Don’t let random mumsnet strangers who most likely have never been in your situation guilt trip you. It’s totally understandable to want a bit of space and rest when you do the majority of parenting all the time. I don’t get a night off and very rarely get respite so I get you.
you can be a fantastic parent and still want a break. I’d have a convo with your kids before them going for their weekend and help them to pack their bag in a way that they have everything they need. Maybe have a special crate or a suitcase or something in the car for this or a special system. Tbh I even would get them a double the amount of hair straighteners, perfumes etc so they can leave me alone for half a day 😂😂

continentallentil · 27/05/2023 11:29

You aren’t being unreasonable to feel how you feel.

But you gotta suck it up.

daffodilandtulip · 27/05/2023 11:39

I'm a single parent to similar ages and they are here every weekend. Yes it's fucking hard but DD will be off to uni next year and I'm devastated.

ColdHandsHotHead · 27/05/2023 11:42

If your DD has a key, why not take yourself out for the evening? Film, cafe, pub, walk?

CC222 · 27/05/2023 11:58

It's not unreasonable to not want your much needed free time to be disturbed, but it's a small price to pay knowing your daughter doesn't feel like a burden or unwanted at home with her mum, or that you're sick of her presence. Even if you don't feel those things, she may well feel those things if you were to make a point that she's not welcome in her home on the weekend she stays at her dad.
It might not be many more years until she moves out for good, and you'll probably end up missing these visits so just go with it for now. Ultimately it's her home too and she shouldn't be made to feel unwelcome there.
You'll always have more weekends to relax alone...x

CanofCant · 27/05/2023 13:29

There are some fucking ridiculous replies on this thread.

3sthemagicnumber · 27/05/2023 13:41

You're not being at all unreasonable to feel like you do! You would be being unreasonable to show your daughter how you feel.

I get it. I love being in my house on my own, which doesn't happen often (family of 5, with a DH who largely WFH since covid). I think all the two-parent household people pointing out that they never get whole days off are overlooking the increased intensity of being a lone parent.

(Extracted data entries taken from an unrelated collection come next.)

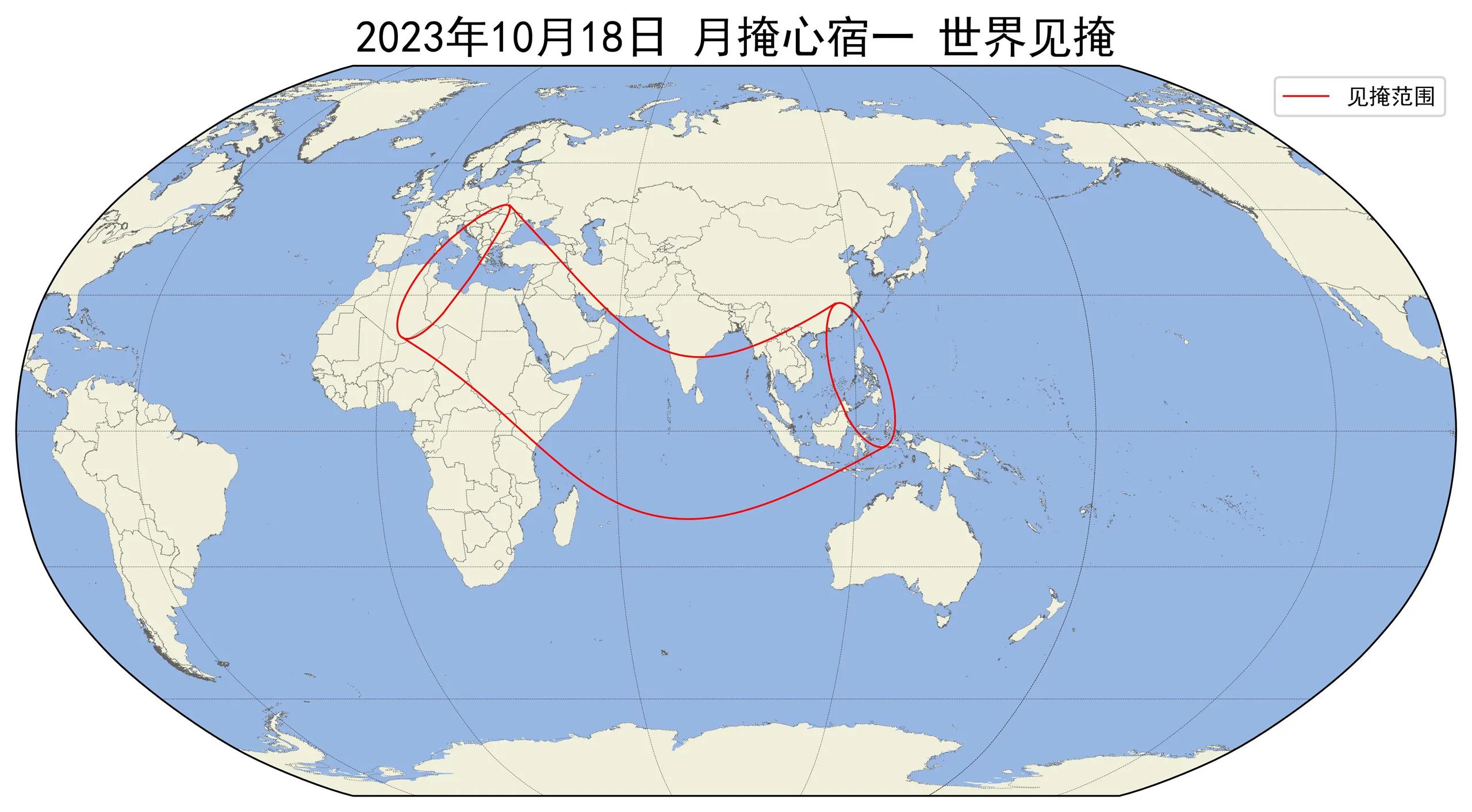 10月18日 21时53分 心宿二合月,心宿二在月球以南0.83度(欧洲、非洲北部发生月掩心宿二)
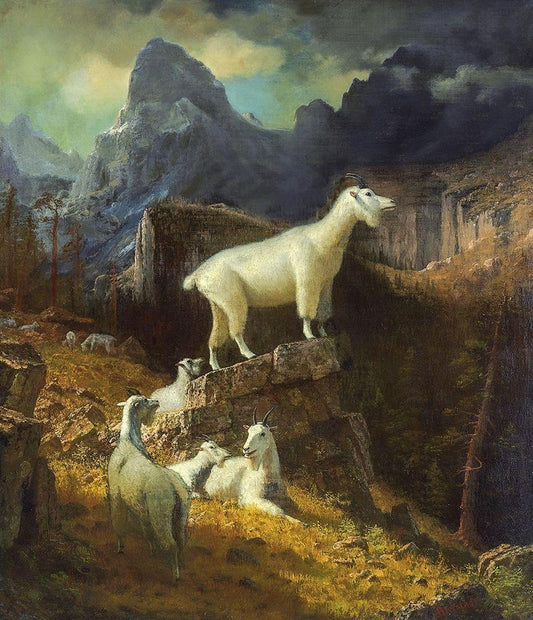 Rocky Mountain Goats White Modern Wood Framed Art Print with Double Matting by Bierstadt, Albert
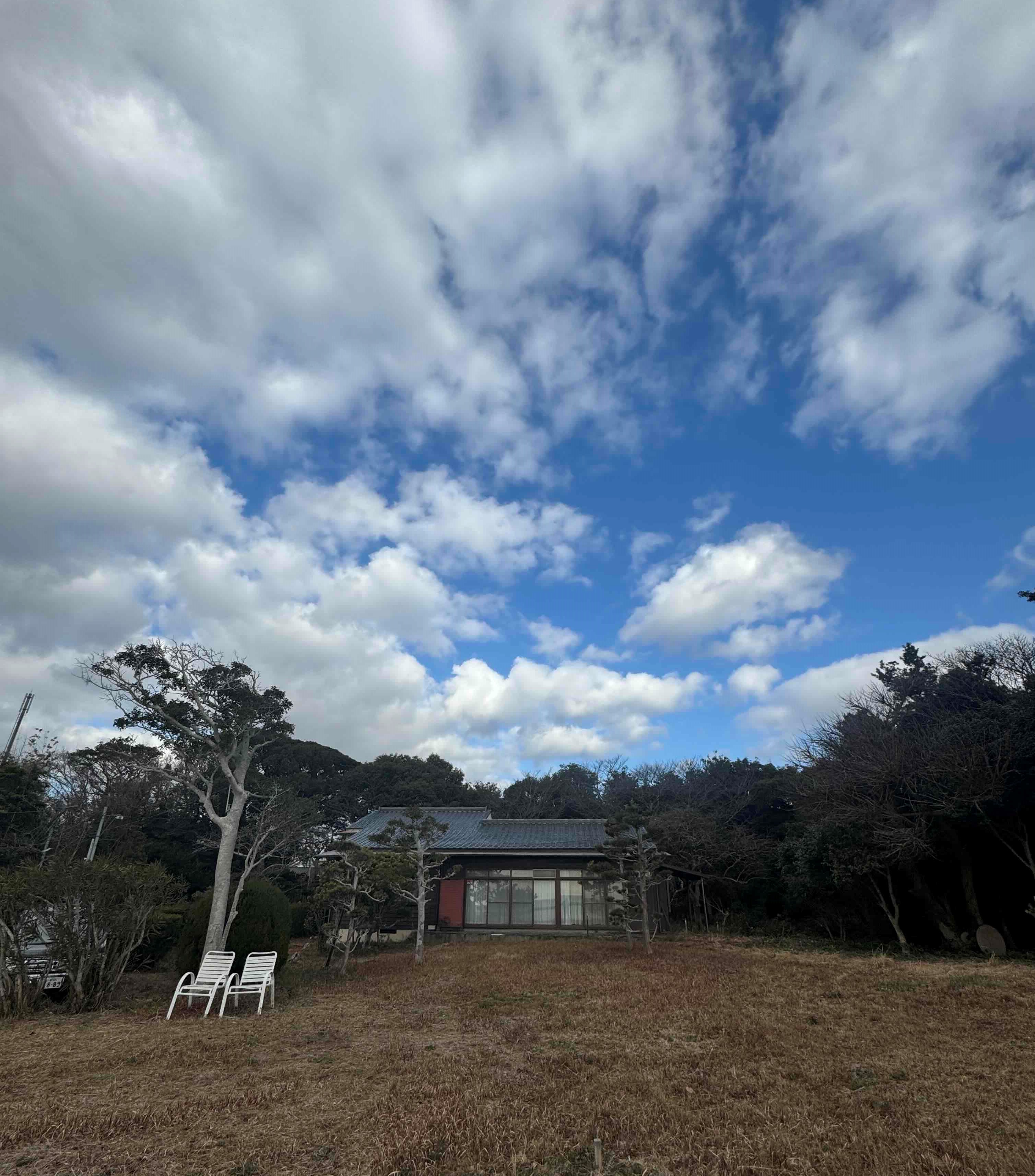 1250坪の海辺の古民家スタジオ。目の前の海岸でプライベートビーチのような静寂と春の桜を満喫。飛行機の離発着とJRローカル線が織りなす唯一無二の景観。
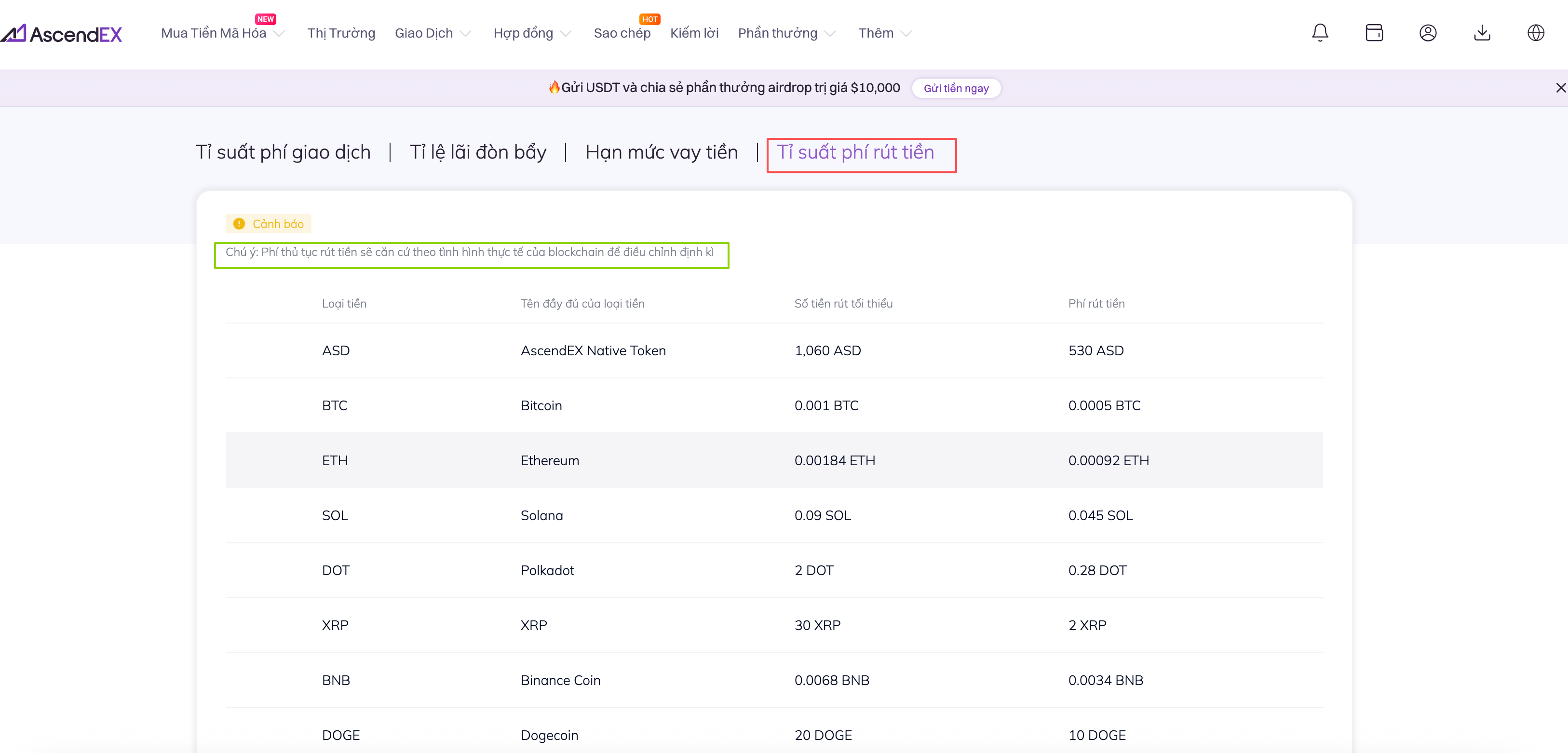 Khi người dùng rút tài sản kỹ thuật số từ nền tảng AscendEX về một địa chỉ ngoài nền tảng, người dùng cần trả phí rút tiền. Phần phí này sẽ được dùng làm phần thưởng cho những người đào coin hoặc các nút blockchain đang vận hành và xác minh các giao dịch để đảm bảo hoạt động của mạng lưới blockchain.
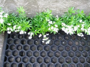 Here is some Galium odoratum, which doesn’t sound nearly as sweet as sweet woodruff, hugging the side door boot mat, and doing double duty camouflaging the a/c hose.
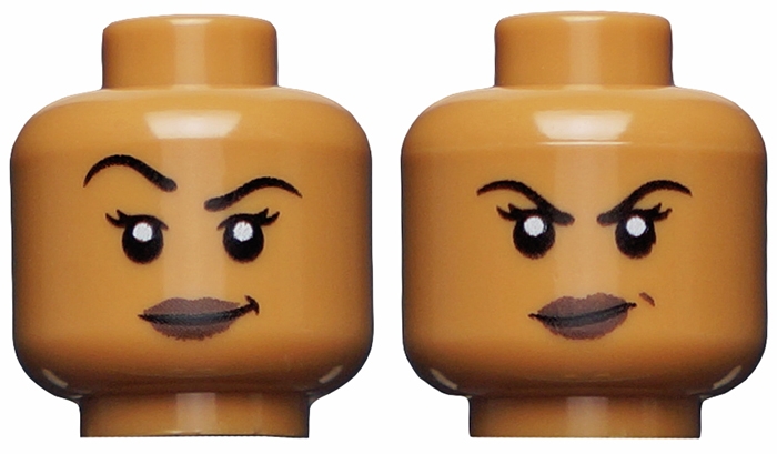 Minifigure, Head Dual Sided Black Eyebrows, Eyelashes, White Pupils, Smirk / Raised Right Eyebrow, Smile Pattern (Vixen)
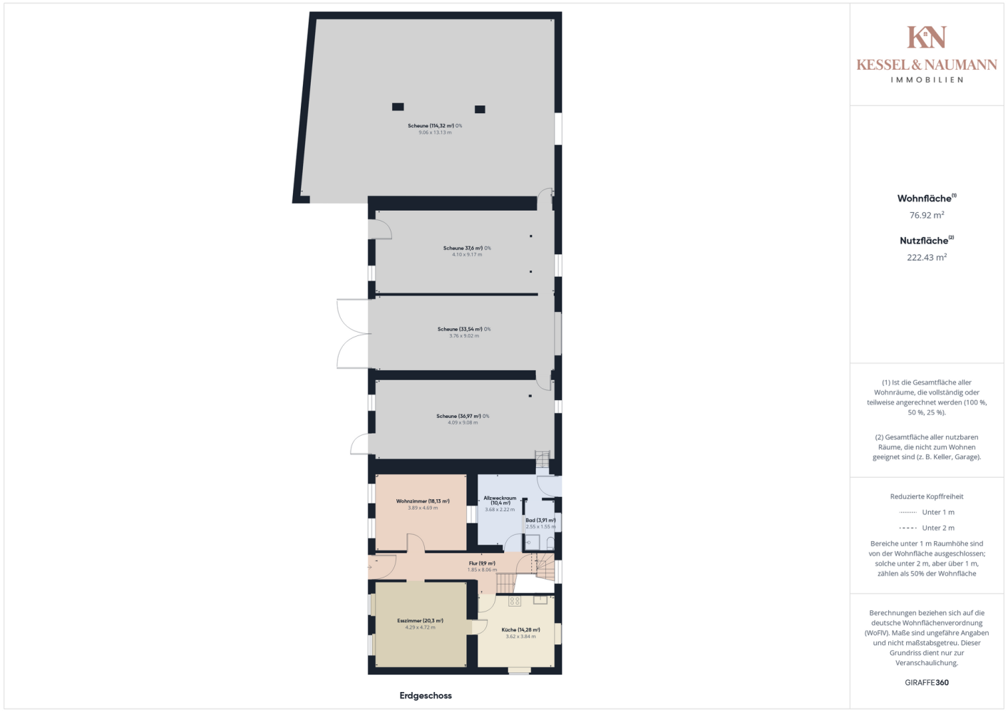 Die angeschlossene Scheune bietet ca. 217,43 m² Nutzfläche und eröffnet zahlreiche Möglichkeiten – ob als Werkstatt, Garage oder Lagerfläche. Ein Außenstellplatz befindet sich direkt auf dem Grundstück, zudem lässt sich ein Teil der Scheune bei Bedarf zur Garage umbauen.
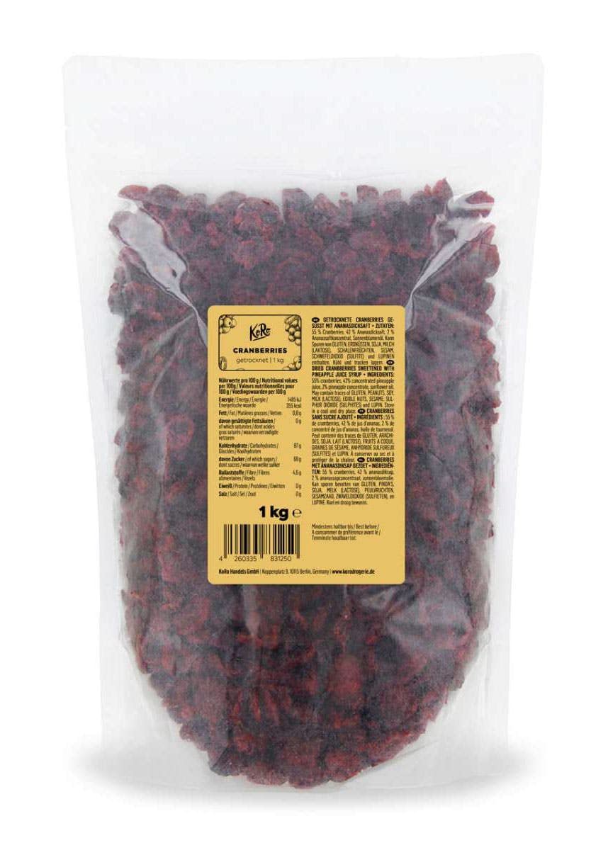 KoRo's dried cranberries do not contain the sugar that is usually added and are instead sweetened with pineapple syrup and pineapple juice concentrate. The small, sweet berries go well with muesli, porridge and yogurt, but they also go wonderfully with couscous, salad and curry. Cranberries also work well when baking. How about cookies, fruitcakes or energy balls In the 1 kg pack, the supply is secure for an extra long time! So healthy, so good - true to this motto, KoRo offers favorite foods in bulk. This not only saves packaging material and costs, but also ensures long-term benefit from innovative snacks, superfoods and proven cooking and baking ingredients. The Berlin-based company is constantly trying to expand its product range and buy as close as possible to the source. INGREDIENTS 55 cranberries, 42 pineapple concentrate, 2 concentrated pineapple juice, sunflower oil - May contain traces of GLUTEN, SOY, PEANUTS, MILK (LACTOSE), NUTS, SESAME and SULFUR DIOXIDE (SULPHITES). DIRECTIONS FOR USE Store in a cool, dry place, away from heat. SAFETY WARNING May contain traces of GLUTEN, SOY, PEANUTS, MILK (LACTOSE), NUTS, SESAME and SULFUR DIOXIDE (SULPHITES). PRINCIPLES: At KoRo, we have made it our mission to provide you with the best quality at fair prices in large packages. That's why we offer you your favorite products in 1 kg packs!. FOR YOU: You may already know apple or grape juice as a natural sweetener for dried fruits. Our natural cranberries are sweetened with pineapple juice and are ideal for vegan and vegetarian diets. PRICELESS: Our cranberries have a great taste and are full of goodness. VERSATILITY: Cranberries, just like goji berries or raisins, are a great snack for any occasion, whether on the road or during breaks at work and school. They are delicious in muesli, smoothies or desserts and add a vibrant touch of red!. NATURAL: Our dried cranberries bring nature into your kitchen! They are made without sulfur, added sugar, artificial flavors, flavor enhancers, or preservatives. 100 natural dried berries! Les cranberries séchées de KoRo ne contiennent pas le sucre qui est habituellement ajouté et sont plutôt édulcorées avec du sirop d'ananas et du concentré de jus d'ananas. Les petites baies sucrées se marient bien avec le muesli, le porridge et le yaourt, mais elles s'harmonisent aussi à merveille avec le couscous, la salade et le curry. Les canneberges font également bonne figure lors de la cuisson. Que diriez-vous de cookies, de gâteaux aux fruits ou de boules d'énergie Dans le pack de 1 kg, l'approvisionnement est sécurisé pour une durée extra longue ! Si sain, si bon - fidèle à cette devise, KoRo propose des aliments préférés en vrac. Cela permet non seulement d'économiser du matériel d'emballage et des coûts, mais garantit également de profiter à long terme de snacks innovants, de superaliments et d'ingrédients de cuisine et de pâtisserie éprouvés. L'entreprise berlinoise essaie constamment d'élargir sa gamme de produits et d'acheter au plus près de la source. INGRÉDIENTS 55 cranberries, 42 concentré d'ananas, 2 jus d'ananas concentré, huile de tournesol - Peut contenir des traces de GLUTEN, SOJA, ARACHIDES, LAIT (LACTOSE), FRUITS À COQUE, SÉSAME et DIOXYDE DE SOUFRE (SULFITES). MODE D'EMPLOI À conserver dans un endroit frais et sec, à l'abri de la chaleur. AVERTISSEMENT DE SÛRETÉ Peut contenir des traces de GLUTEN, SOJA, ARACHIDES, LAIT (LACTOSE), FRUITS À COQUE, SÉSAME et DIOXYDE DE SOUFRE (SULFITES). PRINCIPES : Chez KoRo, nous nous sommes donné pour mission de vous fournir la meilleure qualité à des prix équitables dans des emballages en grand format. C'est pourquoi nous vous offrons vos produits préférés en paquet de 1 kg !. POUR VOUS : Vous connaissiez peut-être le jus de pomme ou de raisin en tant qu'édulcorant naturel pour fruits secs Nos canneberges naturelles sont sucrées au jus d'ananas et sont idéales pour les régimes végétaliens et végétariens. INESTIMABLE : Nos cranberries ont un super goût et pleins de qualités. POLYVALENCE : Les cranberries, tout comme les baies de goji ou les raisins secs, sont un excellent en-cas pour toutes les occasions, que ce soit sur la route ou lors de pauses au travail et à l'école. Elles sont délicieuses dans les mueslis, les smoothies ou les desserts et y apportent une touche de rouge éclatante !. NATUREL : Nos cranberries sechees font entrer la nature dans votre cuisine ! Elles sont fabriquées sans soufre, sans sucre ajouté, sans arômes artificiels, sans exhausteurs de goût, ni conservateurs. Des fruits rouges séchés 100 naturels !.
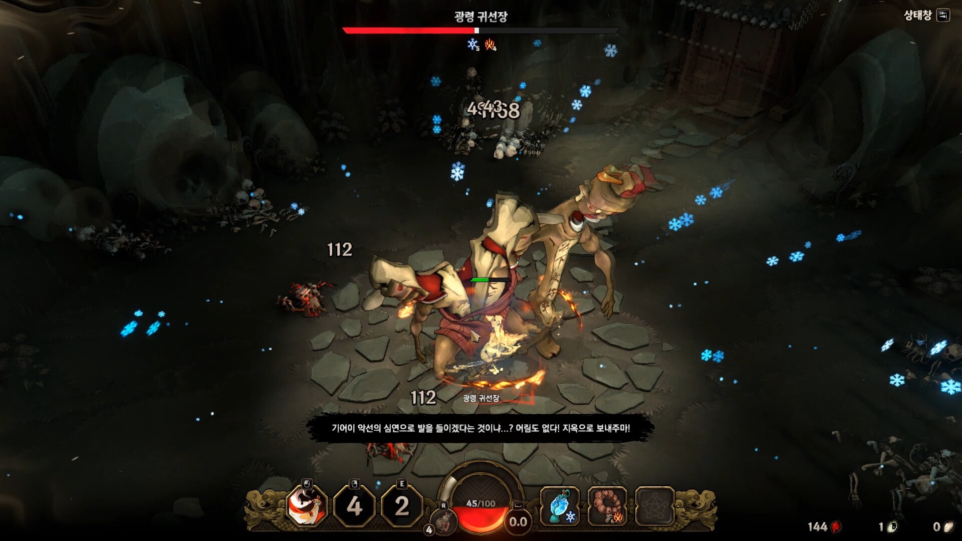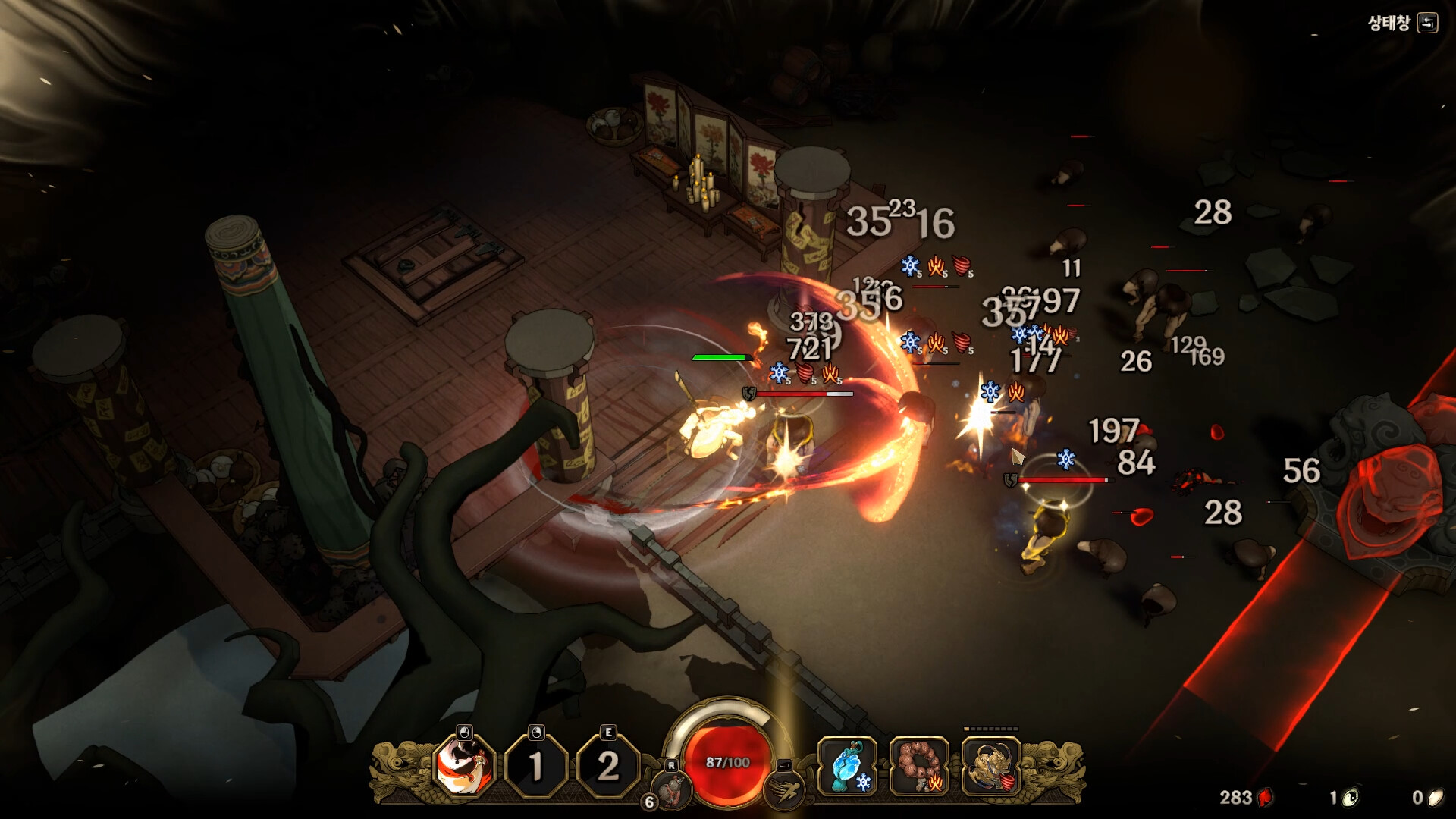 한국 무속 신앙에서 영감을 받은 로그라이트 핵앤슬래시. 신령한 무기를 각성하고, 원소 귀물을 흡수하며, 혼돈의 시너지 속에서 기억과 처벌의 저주받은 순환을 돌파하세요.

user40643 · 28/05/2023 02:10

Crabwoman · 26/05/2023 19:38

YABVVVU.

Those of us who aren't separated have our kids here 365 (or thereabouts) days of the year. There are no 'precious weekends off'.

Secondly, it's still your child's primary residence, and now she is older her schedule will change. Her nipping in and out for a few hours. When you admit you won't need to hive any input, it hardly impacts your weekend

Suck it up.

Poor you. Having another adult to share parenting with. 🙄

CandyLeBonBon · 29/05/2023 09:35

"Poor you. Having another adult to share parenting with. 🙄"

Quite!
I think some of the posters on here that say this type of stuff forget they HAVE A PARTNER WHO SHARES THE LOAD!!

KitBumbleB · 29/05/2023 10:48

I get it OP, I would probably feel the same. Maybe get some snacks / pizza and put them out then feign a headache and request music be kept down low and all shrieking and stomping be kept to a minimum. Pop out every now and again to ooh and ahh over outfits and agree Taylor Swift is the best before disappearing again.